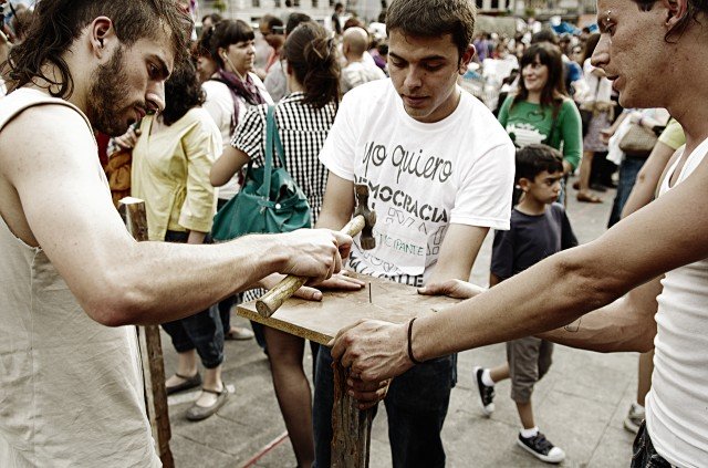 Le 15 mai, débordante de joie par le nombre des manifestants et la fraîcheur de l’atmosphère, une équipe de radio mobile interviewait quelques personnes : « Comment voyez-vous l’avenir ? » Beaucoup de réponses, en dépit de l’énergie ambiante, sont pessimistes : « sombre ». Lundi dernier [23 mai], quand la nouvelle du campement de Sol s’est répandue comme une traînée de poudre dans les réseaux sociaux, un participant d’une liste d’échanges de biens et services a écrit : « A quoi ça sert d’occuper la place, tant qu’il y en a qui continuent de faire leurs courses au Cortes Ingles1 à côté ? » Ca sert, car il ne s’agit pas de n’importe quelle occupation : le geste hardi de certains est devenu un signal pour beaucoup ; c’était « maintenant ou jamais », et la faim d’action a explosé, la faim de paroles.
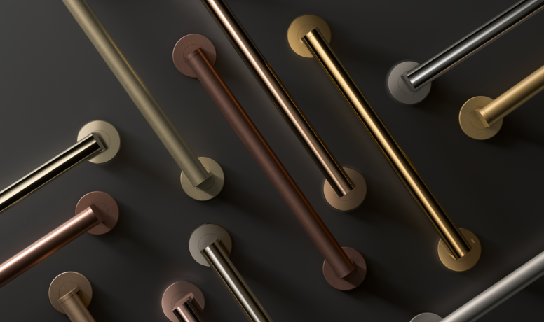Seit 2024 verfügt HEWI am Unternehmensstandort Bad Arolsen über eine eigene, hochmoderne PVD-Anlage um höchste Qualität und Präzision bei der Oberflächenveredelung zu gewährleisten. Die metallischen Oberflächen – Messing, Bronze, Kipfer, Nickel, Gold oder Schwarzchrom, wahlweise gebürstet oder glänzend – stehen für ausgewählte Produkte der HEWI Serien und Systeme S 900, S 900 Q, S 480 sowie S 162 zur Verfügung.
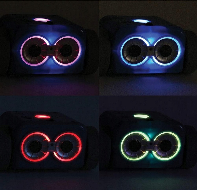 Oczy Botley 2.0 mogą świecić, a kolor oczu można zmienić nawet przez dziecko Wyłącz światła i obserwuj, jak Botley wykonuje grę świateł i tańczy w rytmie.
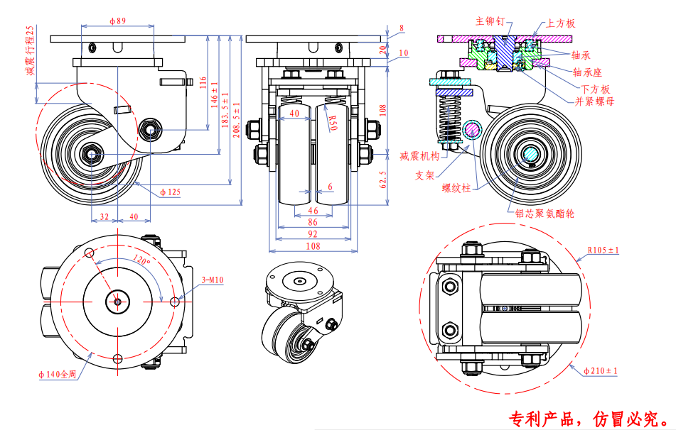 轮片采用双轮片铝芯浇注PU,轻便、静音,适用于高速运转的使用环境,常用于搬运AGV机器人行业。
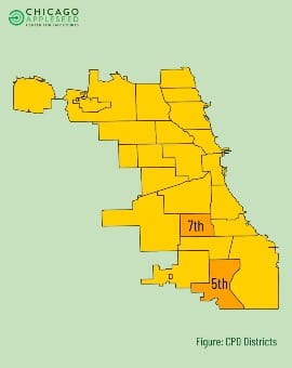 The seventh district includes Gage Park, Auburn Gresham, Chicago Lawn, Englewood, Greater Grand Crossing, and West Englewood. The fifth district is located on the far southeast side of Chicago and includes Roseland, Pullman, West Pullman, Riverdale, Washington Heights, and South Deering. These two districts cover neighborhoods that are over 90% Black.
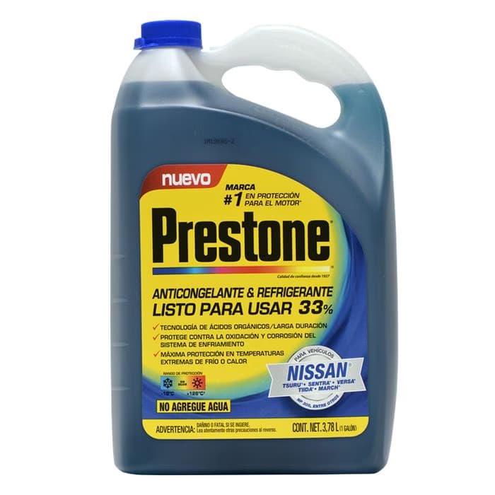 Prestone® Anticongelante y Refrigerante Azul esta especialmente formulado para usarse en vehículos NISSAN®.
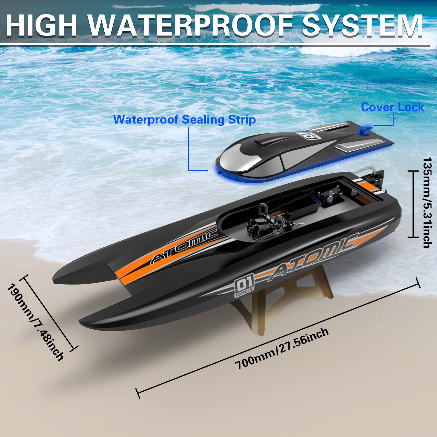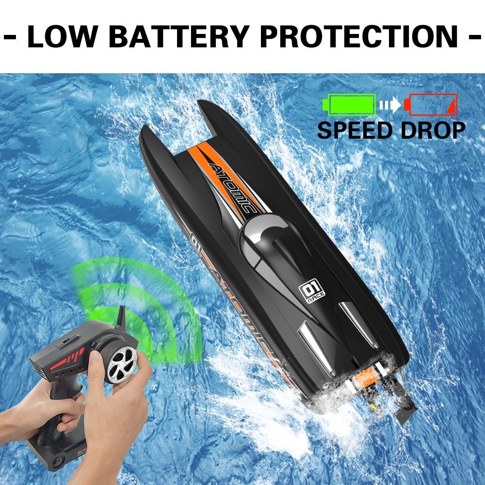 Гоночный радиоуправляемый катер Volantex RC AtomicX, оснащенный мощным бесколлекторным мотором премиум-класса, способен мчаться со скоростью 40 миль в час! Это сверхбыстрая скорость сделает гонки интереснее и увлекательнее
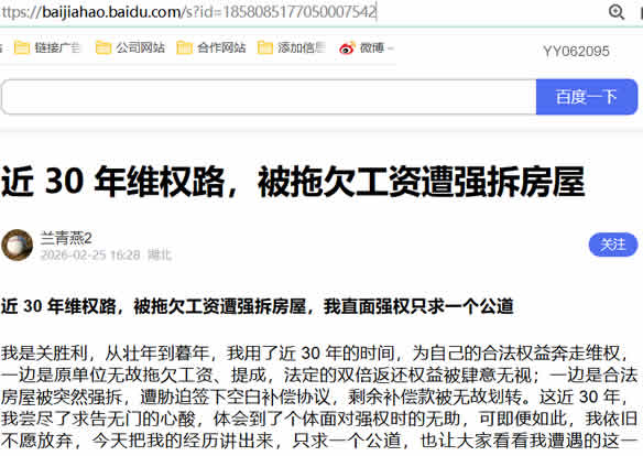 我是关胜利,从壮年到暮年,我用了近 30 年的时间,为自己的合法权益奔走维权,一边是原单位无故拖欠工资、提成,法定的双倍返还权益被肆意无视;一边是合法房屋被突然强拆,遭胁迫签下空白补偿协议,剩余补偿款被无故划转。这近 30 年,我尝尽了求告无门的心酸,体会到了个体面对强权时的无助,可即便如此,我依旧不愿放弃,今天把我的经历讲出来,只求一个公道,也让大家看看我遭遇的这一切。

**Task statement**. Copy out the whole listing exactly. Skip its pictures.

**Result of the exercise**.
 Le 15 mai, débordante de joie par le nombre des manifestants et la fraîcheur de l’atmosphère, une équipe de radio mobile interviewait quelques personnes : « Comment voyez-vous l’avenir ? » Beaucoup de réponses, en dépit de l’énergie ambiante, sont pessimistes : « sombre ». Lundi dernier [23 mai], quand la nouvelle du campement de Sol s’est répandue comme une traînée de poudre dans les réseaux sociaux, un participant d’une liste d’échanges de biens et services a écrit : « A quoi ça sert d’occuper la place, tant qu’il y en a qui continuent de faire leurs courses au Cortes Ingles1 à côté ? » Ca sert, car il ne s’agit pas de n’importe quelle occupation : le geste hardi de certains est devenu un signal pour beaucoup ; c’était « maintenant ou jamais », et la faim d’action a explosé, la faim de paroles.
Seit 2024 verfügt HEWI am Unternehmensstandort Bad Arolsen über eine eigene, hochmoderne PVD-Anlage um höchste Qualität und Präzision bei der Oberflächenveredelung zu gewährleisten. Die metallischen Oberflächen – Messing, Bronze, Kipfer, Nickel, Gold oder Schwarzchrom, wahlweise gebürstet oder glänzend – stehen für ausgewählte Produkte der HEWI Serien und Systeme S 900, S 900 Q, S 480 sowie S 162 zur Verfügung.
 Oczy Botley 2.0 mogą świecić, a kolor oczu można zmienić nawet przez dziecko Wyłącz światła i obserwuj, jak Botley wykonuje grę świateł i tańczy w rytmie.
 轮片采用双轮片铝芯浇注PU,轻便、静音,适用于高速运转的使用环境,常用于搬运AGV机器人行业。
 The seventh district includes Gage Park, Auburn Gresham, Chicago Lawn, Englewood, Greater Grand Crossing, and West Englewood. The fifth district is located on the far southeast side of Chicago and includes Roseland, Pullman, West Pullman, Riverdale, Washington Heights, and South Deering. These two districts cover neighborhoods that are over 90% Black.
 Prestone® Anticongelante y Refrigerante Azul esta especialmente formulado para usarse en vehículos NISSAN®.
 Гоночный радиоуправляемый катер Volantex RC AtomicX, оснащенный мощным бесколлекторным мотором премиум-класса, способен мчаться со скоростью 40 миль в час! Это сверхбыстрая скорость сделает гонки интереснее и увлекательнее
 我是关胜利,从壮年到暮年,我用了近 30 年的时间,为自己的合法权益奔走维权,一边是原单位无故拖欠工资、提成,法定的双倍返还权益被肆意无视;一边是合法房屋被突然强拆,遭胁迫签下空白补偿协议,剩余补偿款被无故划转。这近 30 年,我尝尽了求告无门的心酸,体会到了个体面对强权时的无助,可即便如此,我依旧不愿放弃,今天把我的经历讲出来,只求一个公道,也让大家看看我遭遇的这一切。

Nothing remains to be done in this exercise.